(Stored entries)
··········

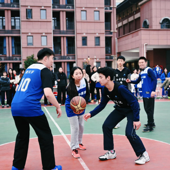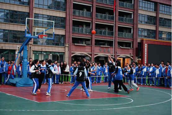 举止开始,校长周莉莉为篮球赛开赛开球,拉开了这场师生竞技的序幕。
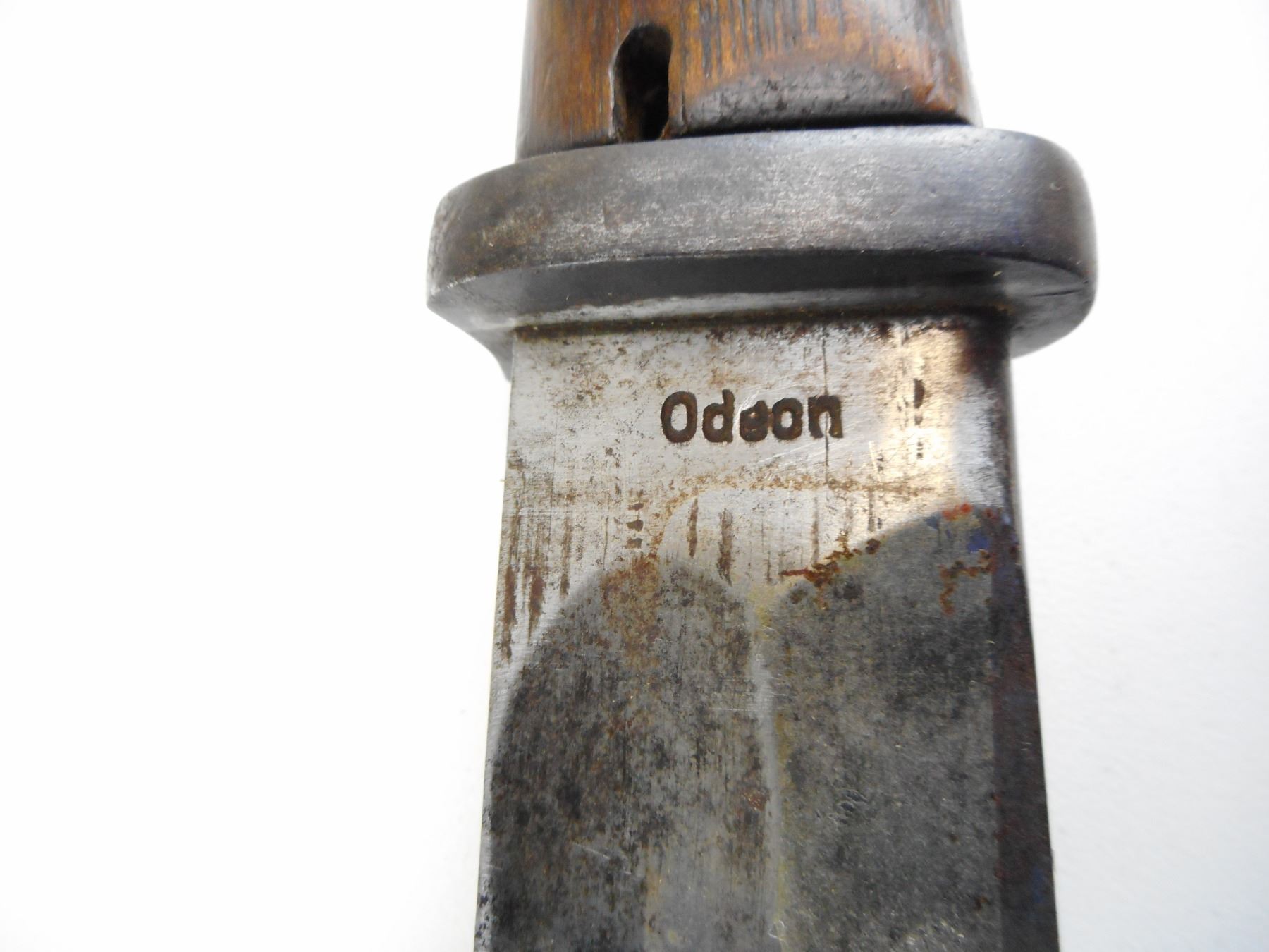GERMAN S14 BAYONET WITH SCABBARD , RICASSO MARKED ODEON WITH MARKE ON BACK OF BLADE
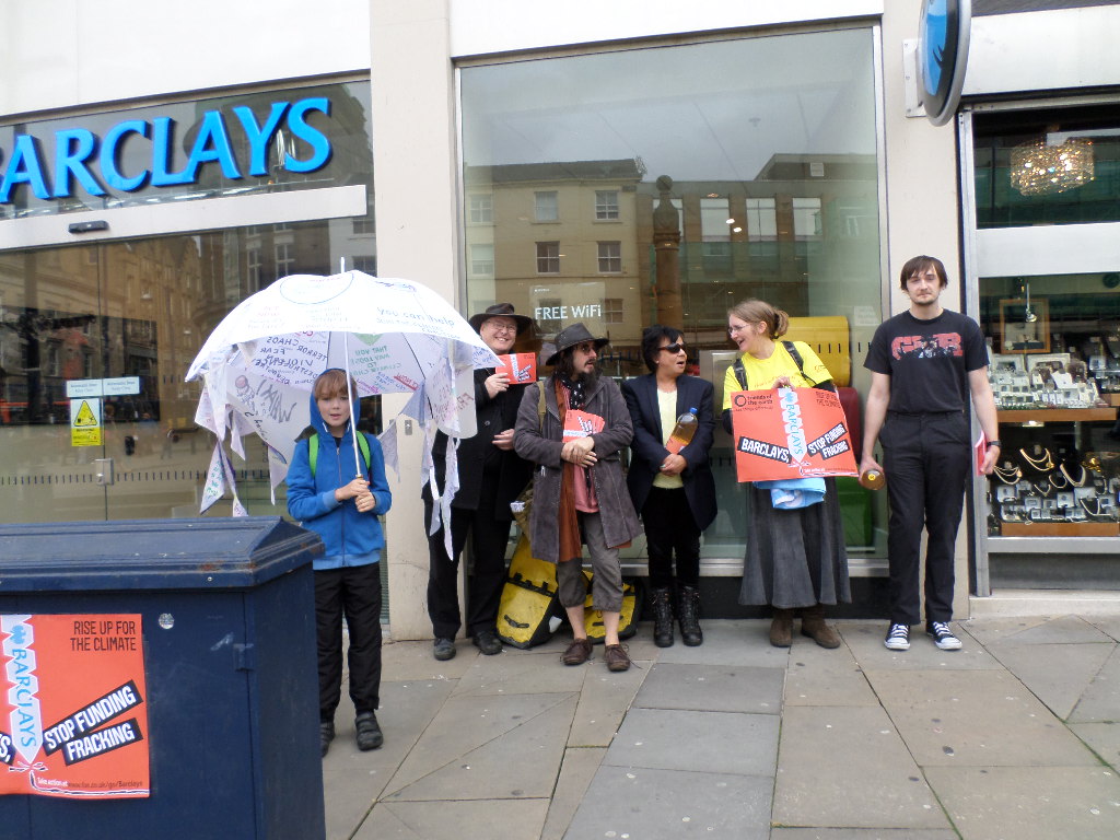 Up and down the country hundreds of people were out on the streets collecting petition signatures, closing accounts, sending letters, even singing and dancing to tackle climate change and ask Barclays to stop funding fracking1.
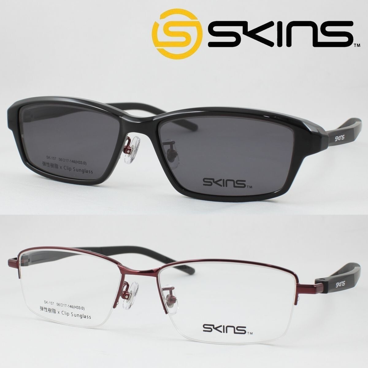 > SKINS スキンズ メガネフレーム SK-157-4 脱着式 マグネットクリップ偏光サングラス 度付き対応 近視 老眼鏡 遠近両用 スポーツ 軽量
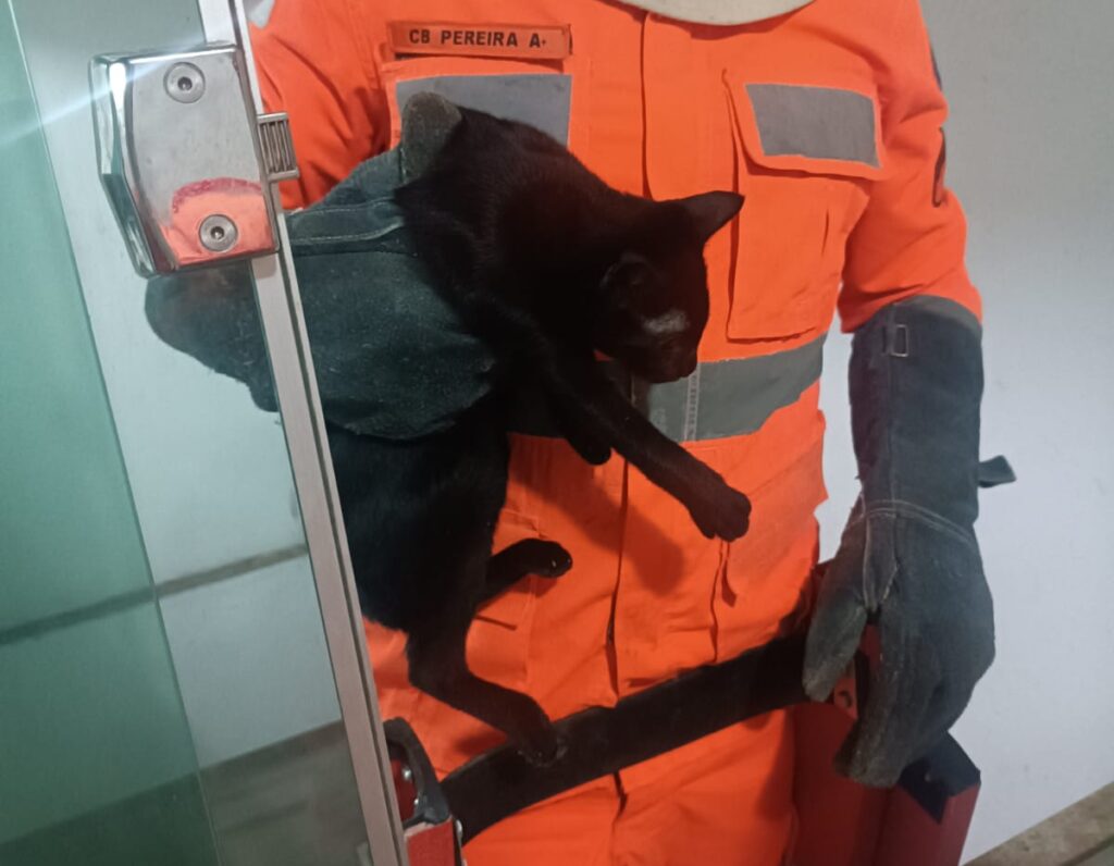 Após uma hora de trabalho e ancoragem pelo terraço, a felina Cristal foi retirada e devolvida aos donos
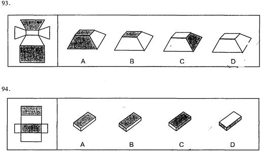 94.【解析】只有A所示的图形是由左边的纸板折叠而成,所以正确签案是A。
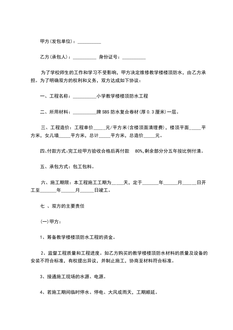 篇2 楼顶防水工程合同
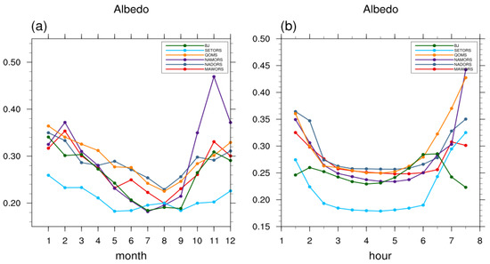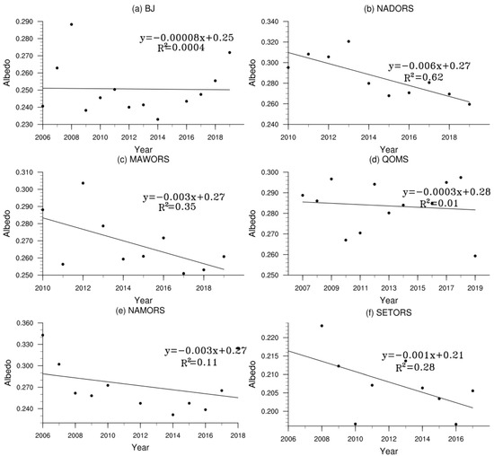 - The surface albedo at each station was decreasing year by year due to stronger vegetation growth under global warming. The annual change in surface albedo at each station followed a “U” shape. In winter, the ground was frozen, and the surface albedo was large. During the plant growth period from May to September, the surface albedo was small and showed little change. The daily variation of surface albedo at each station was also “U” shaped. The grass height at SETORS can reach 30 to 40 cm in summer, thus, here, the surface albedo was the smallest of all the stations.
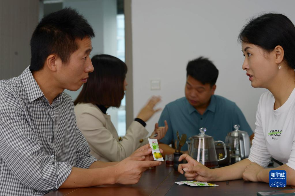 6月12日,蒋荣庆(前左)和伙伴在贵州省绥阳县农产品集散中心商量直播销售事宜。
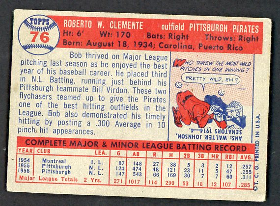 1957 Topps Baseball #076 Roberto Clemente Pirates VG-EX 541904
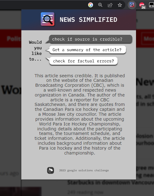 News Simplified is a Chrome extension that combats the spread of misinformation, and simplifies the process of reading news.
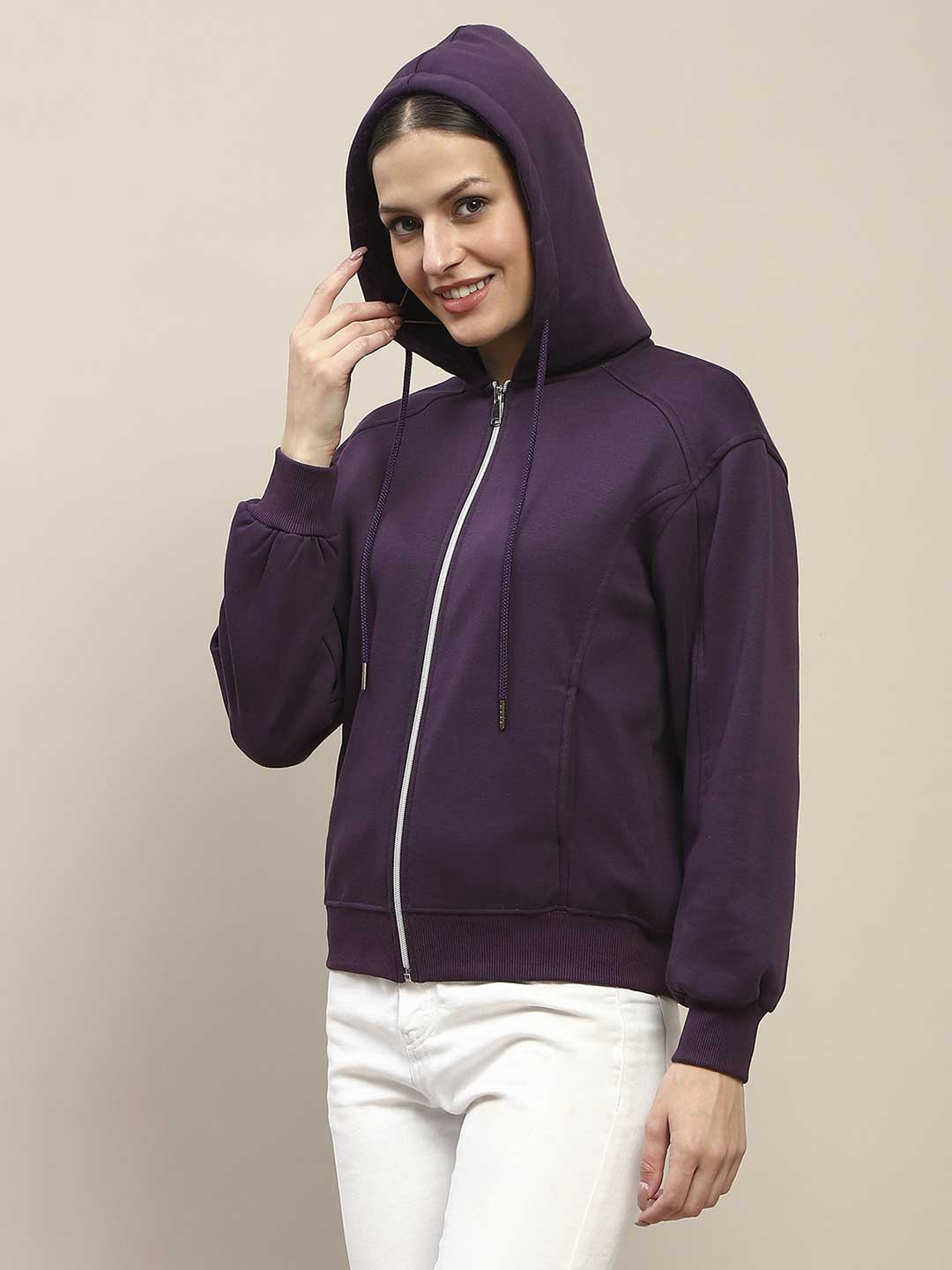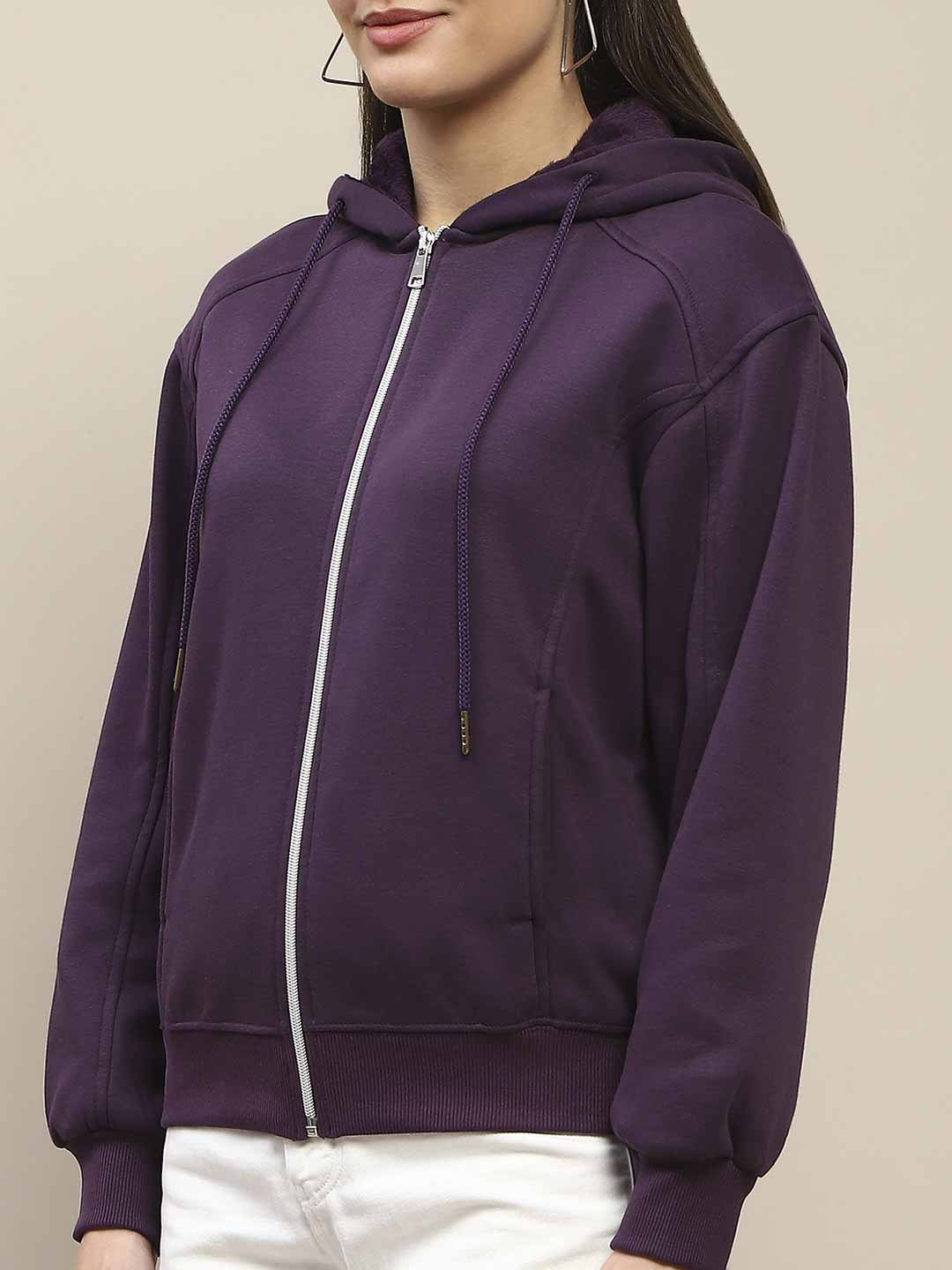 Madame Fleece Cut And Sew Detailed Zipped Purple Hoodie

··········

▸ **Task item**:
The records above must be printed exactly, but the pictures they hold should be omitted.

▸ **Response area**:
 举止开始,校长周莉莉为篮球赛开赛开球,拉开了这场师生竞技的序幕。
GERMAN S14 BAYONET WITH SCABBARD , RICASSO MARKED ODEON WITH MARKE ON BACK OF BLADE
 Up and down the country hundreds of people were out on the streets collecting petition signatures, closing accounts, sending letters, even singing and dancing to tackle climate change and ask Barclays to stop funding fracking1.
 > SKINS スキンズ メガネフレーム SK-157-4 脱着式 マグネットクリップ偏光サングラス 度付き対応 近視 老眼鏡 遠近両用 スポーツ 軽量
 Após uma hora de trabalho e ancoragem pelo terraço, a felina Cristal foi retirada e devolvida aos donos
 94.【解析】只有A所示的图形是由左边的纸板折叠而成,所以正确签案是A。
 篇2 楼顶防水工程合同
 - The surface albedo at each station was decreasing year by year due to stronger vegetation growth under global warming. The annual change in surface albedo at each station followed a “U” shape. In winter, the ground was frozen, and the surface albedo was large. During the plant growth period from May to September, the surface albedo was small and showed little change. The daily variation of surface albedo at each station was also “U” shaped. The grass height at SETORS can reach 30 to 40 cm in summer, thus, here, the surface albedo was the smallest of all the stations.
 6月12日,蒋荣庆(前左)和伙伴在贵州省绥阳县农产品集散中心商量直播销售事宜。
 1957 Topps Baseball #076 Roberto Clemente Pirates VG-EX 541904
 News Simplified is a Chrome extension that combats the spread of misinformation, and simplifies the process of reading news.
 Madame Fleece Cut And Sew Detailed Zipped Purple Hoodie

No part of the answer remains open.